Читаем Nature's Evil полностью

If you added black sand to a furnace, then – with luck – the alloy produced would be sturdier than ordinary copper. This alloy of copper and tin was bronze; people started making tools and weapons out of it. But in the bogs of Mesopotamia and the delta of the Nile even stone was a curiosity. Nomads from the North supplied metals to the nascent civilisations of the Middle East in exchange for artisan products from the South. But, in their search for wood and metal, people from these fertile plains migrated ever further north – to Lebanon, Anatolia and the whole Mediterranean. Egyptians extracted copper from mines in Sinai and captured gold mines in Nubia. Weapons made of metal allowed them to control the peasants who dug the earth with wooden implements. Synonymous with control over grain stores and cedar forests, power was now concerned with mines, furnaces and delivery routes.

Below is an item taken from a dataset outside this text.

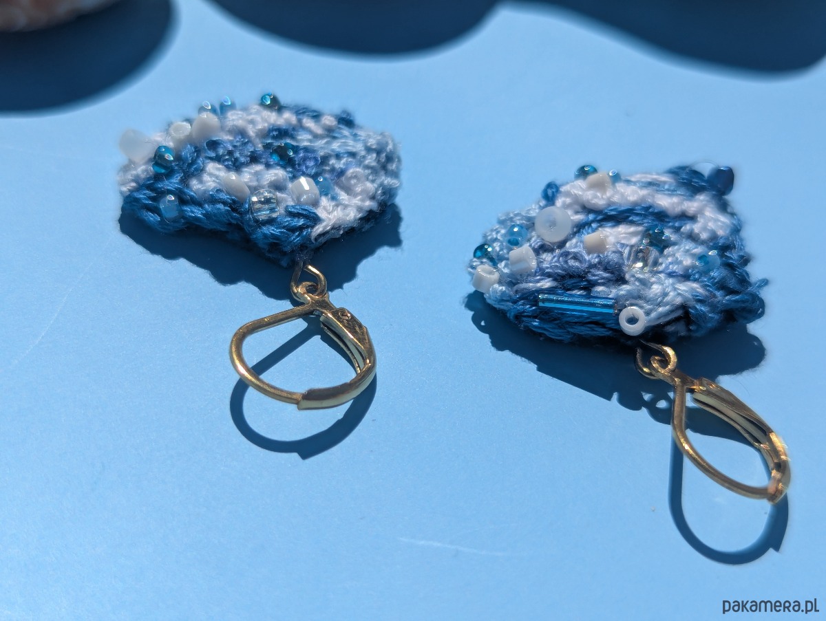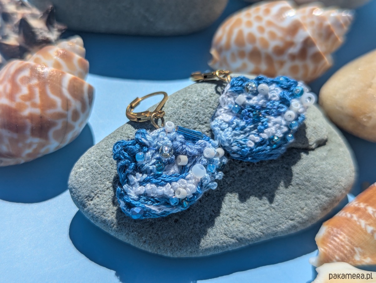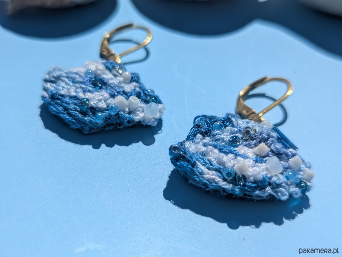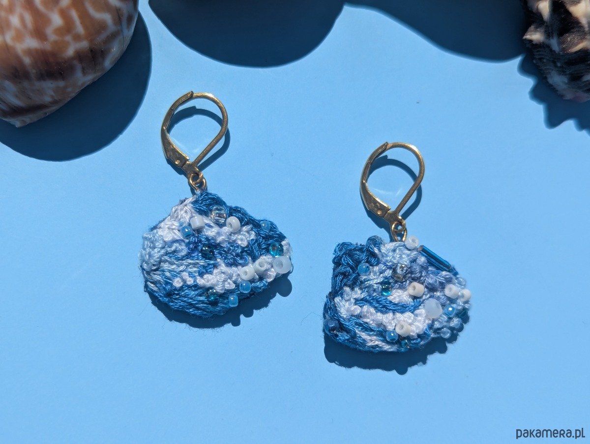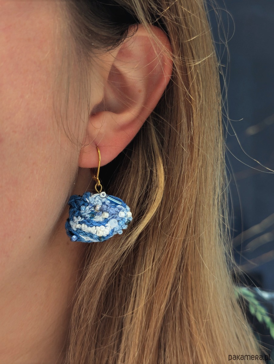 Morze nigdy nie powtarza swoich fal – tak samo jak te kolczyki, które powstały w pojedynczych egzemplarzach. Każda para z kolekcji „Szepty Morza” została ręcznie wyhaftowana w abstrakcyjnych, nieregularnych formach przypominających falującą wodę. Błękity, granaty i biel przeplatają się z połyskiem koralików, które odbijają światło niczym refleksy słońca na tafli morza.

Armed with the sword, the plough and the wheel, civilisation moved north. Smithies appeared in peasant villages. Their owners made a living by barter, not by agricultural labour, and were often considered as interlopers and magicians; many of them were migrants. Metallurgy needed men to assemble various resources – for example, copper, tin and charcoal – in one place, although they were all sourced from different areas. There were many deposits of copper ore in Europe; tin, less common, had to be brought from far away. In bronze alloys, tin made up less than a fifth by weight, but its sources were distant and limited, which meant that tin was expensive to barter. Alternatively, smiths could make bronze by smelting copper with poisonous arsenic. They died young, and although the god of blacksmithing, Hephaestus, was depicted with powerful shoulders, he was lame in both legs. But he forged weapons that were prized by the gods, and he was married to the beautiful Aphrodite.

At about the same time as people were learning to combine tin and copper, they also discovered how to separate silver. They heated ore in a hearth to the highest temperature they could achieve. Tin melted in the hearth and flowed out as if from a font or cupel, and the silver remained inside. This miraculous process was called cupellation. Athens rose thanks to the silver in the Laurion mines of Attica. The mines belonged to the state, although they were often farmed out to private individuals; nameless slaves worked the mines. From approximately 500 bce the profits from silver and tin financed the creation of a navy and the upkeep of a mercenary army. The Athenians also used this silver to maintain grain colonies in North Africa and the Mediterranean, thus avoiding the dirty work of earning their daily bread. A little later the Thracian mines in northern Greece produced even more silver; at one time they were run by Thucydides, the first historian. These mines were the source of power of the Macedonian dynasty that gave the world Alexander, the conqueror of Asia. The Phoenicians worked even richer mines in Spain. Hannibal financed his expeditions from these mines; indeed, behind every military leader there was a silver or copper mine. From his mines near Cadiz, Sextus Marius supplied Rome with both metals; as we remember (see Introduction), Tiberius accused him of incest and threw him off a rock.

The Roman Empire grew like an amoeba, spreading its tentacles now in one direction, now in another. According to the anthropologist Jack Goody, the main motive behind these advances was the quest for metals. 1 The goals of Roman colonisation were copper in southern Italy, tin in England, silver in Spain, and lead in Attica and Sardinia. The Romans loved soft, malleable lead and used it for plumbing and baths and as vessels for soft drinks. Lead salts dissolve in water, and this solution is sweet but poisonous. Lead acetate causes organ failure, and small doses cause brain damage in children. According to one study, more Roman emperors died of lead poisoning than died by the sword. 2

Smelting furnaces, sunk in the earth and faced with bricks, appeared in different parts of the world – in Western Europe, South-East Asia, northern China. The quality of the metal depended on the temperature in the furnace, which in turn depended on the up-draught, which depended on the height of the chimney, which depended on the quality of the brick. Progress in smelting was advanced by a breakthrough in firing clay. Smelting furnaces with chimneys 4 metres high were the ultimate in the art of engineering in the Bronze Age. Such furnaces were ready for smelting iron.